▶ **Data for this exercise**:
= Beginning of Section =
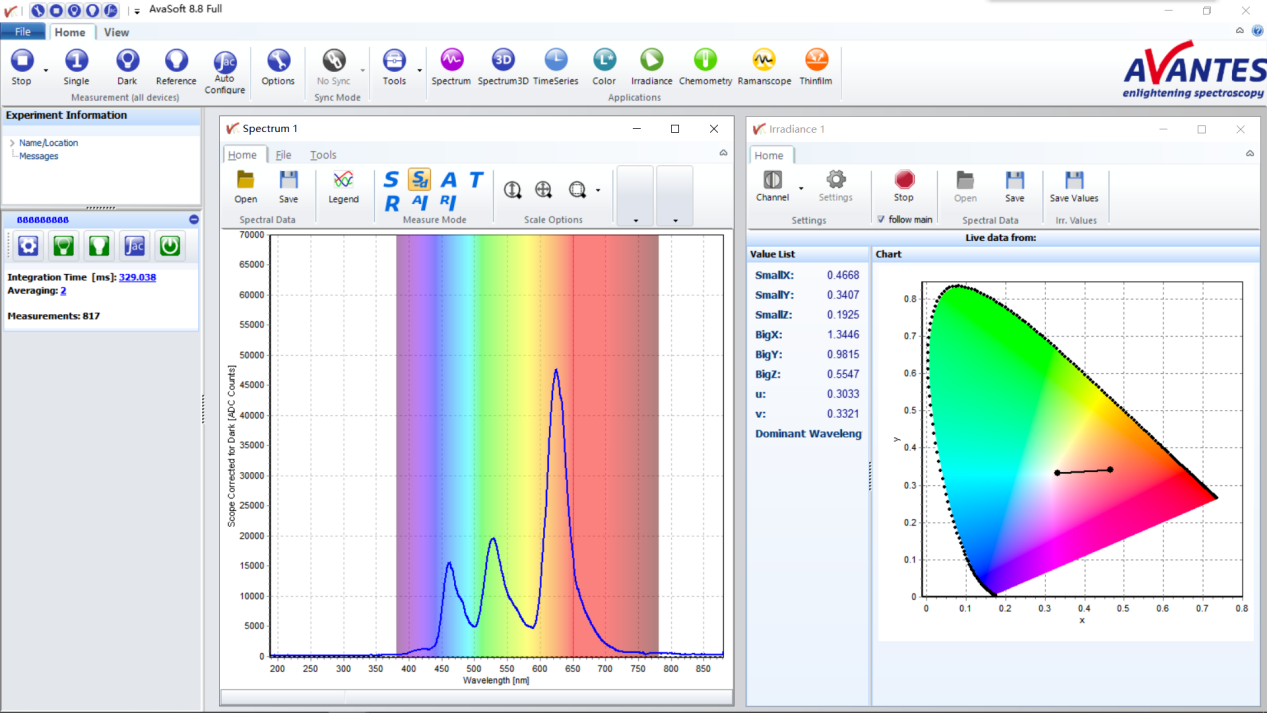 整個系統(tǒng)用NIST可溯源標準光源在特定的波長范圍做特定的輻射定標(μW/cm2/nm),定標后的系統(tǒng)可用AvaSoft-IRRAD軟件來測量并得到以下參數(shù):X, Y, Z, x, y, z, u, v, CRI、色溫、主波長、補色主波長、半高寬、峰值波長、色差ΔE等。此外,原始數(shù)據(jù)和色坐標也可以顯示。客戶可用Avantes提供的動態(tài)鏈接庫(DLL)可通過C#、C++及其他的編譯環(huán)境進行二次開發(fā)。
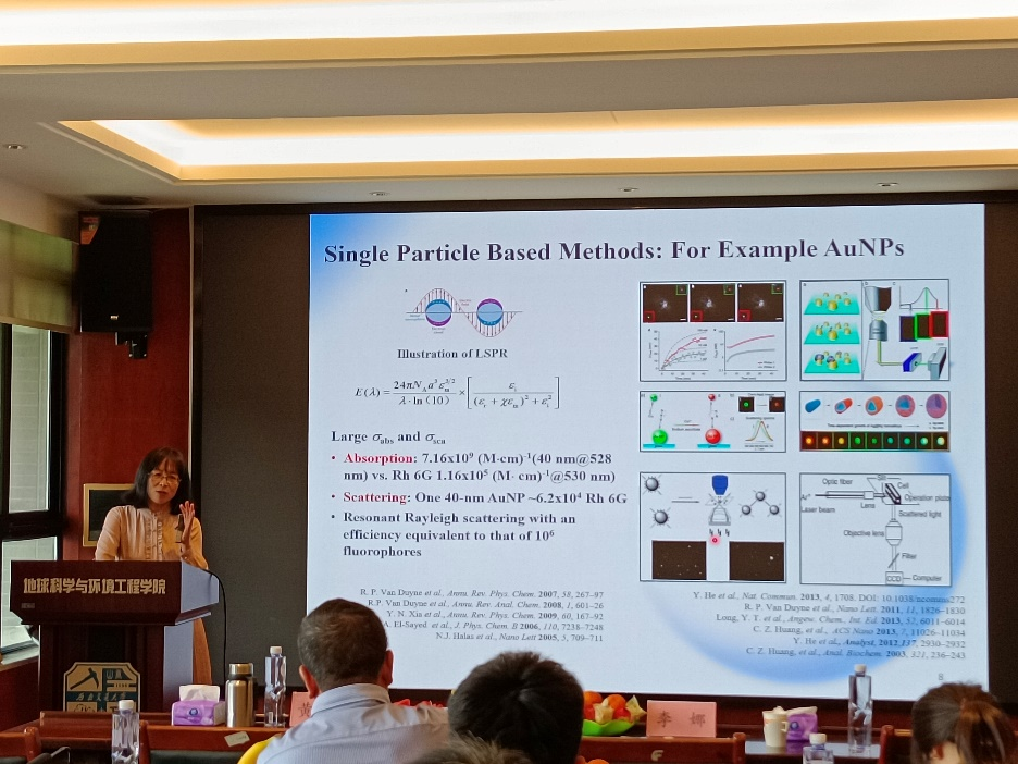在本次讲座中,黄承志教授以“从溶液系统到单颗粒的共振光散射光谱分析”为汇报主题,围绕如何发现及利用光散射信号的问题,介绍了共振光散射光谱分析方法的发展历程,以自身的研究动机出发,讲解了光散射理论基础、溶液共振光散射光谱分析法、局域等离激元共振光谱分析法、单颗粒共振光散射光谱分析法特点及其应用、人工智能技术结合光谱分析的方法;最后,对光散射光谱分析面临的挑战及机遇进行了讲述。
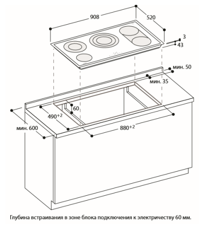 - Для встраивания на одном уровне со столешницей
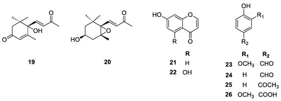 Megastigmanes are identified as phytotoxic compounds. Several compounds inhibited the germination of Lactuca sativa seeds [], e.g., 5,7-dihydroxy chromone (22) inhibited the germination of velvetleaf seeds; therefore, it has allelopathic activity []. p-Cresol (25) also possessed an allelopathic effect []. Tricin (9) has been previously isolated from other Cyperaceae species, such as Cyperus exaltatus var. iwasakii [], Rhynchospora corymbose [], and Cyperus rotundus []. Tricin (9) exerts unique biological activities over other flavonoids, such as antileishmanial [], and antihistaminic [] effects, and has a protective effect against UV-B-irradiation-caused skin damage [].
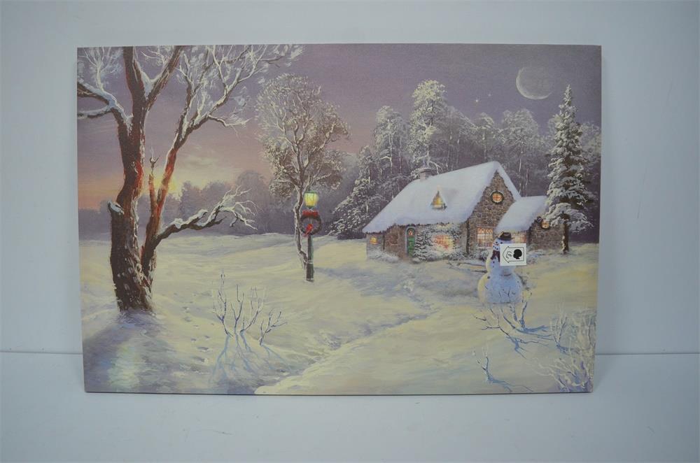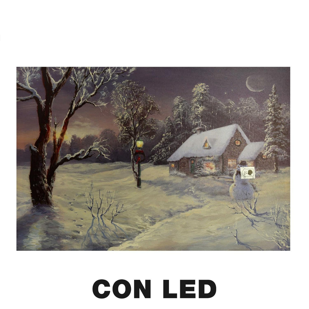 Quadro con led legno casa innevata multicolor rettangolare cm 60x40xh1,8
= End of Section =
▶ **Task to carry out**: Exactly as they appear, repeat the lines from the one containing "- Для встраивания" through the last line of the entries, counting both ends. Pictures stay out.

▶ **Solution to the exercise**:
 - Для встраивания на одном уровне со столешницей
 Megastigmanes are identified as phytotoxic compounds. Several compounds inhibited the germination of Lactuca sativa seeds [], e.g., 5,7-dihydroxy chromone (22) inhibited the germination of velvetleaf seeds; therefore, it has allelopathic activity []. p-Cresol (25) also possessed an allelopathic effect []. Tricin (9) has been previously isolated from other Cyperaceae species, such as Cyperus exaltatus var. iwasakii [], Rhynchospora corymbose [], and Cyperus rotundus []. Tricin (9) exerts unique biological activities over other flavonoids, such as antileishmanial [], and antihistaminic [] effects, and has a protective effect against UV-B-irradiation-caused skin damage [].
 Quadro con led legno casa innevata multicolor rettangolare cm 60x40xh1,8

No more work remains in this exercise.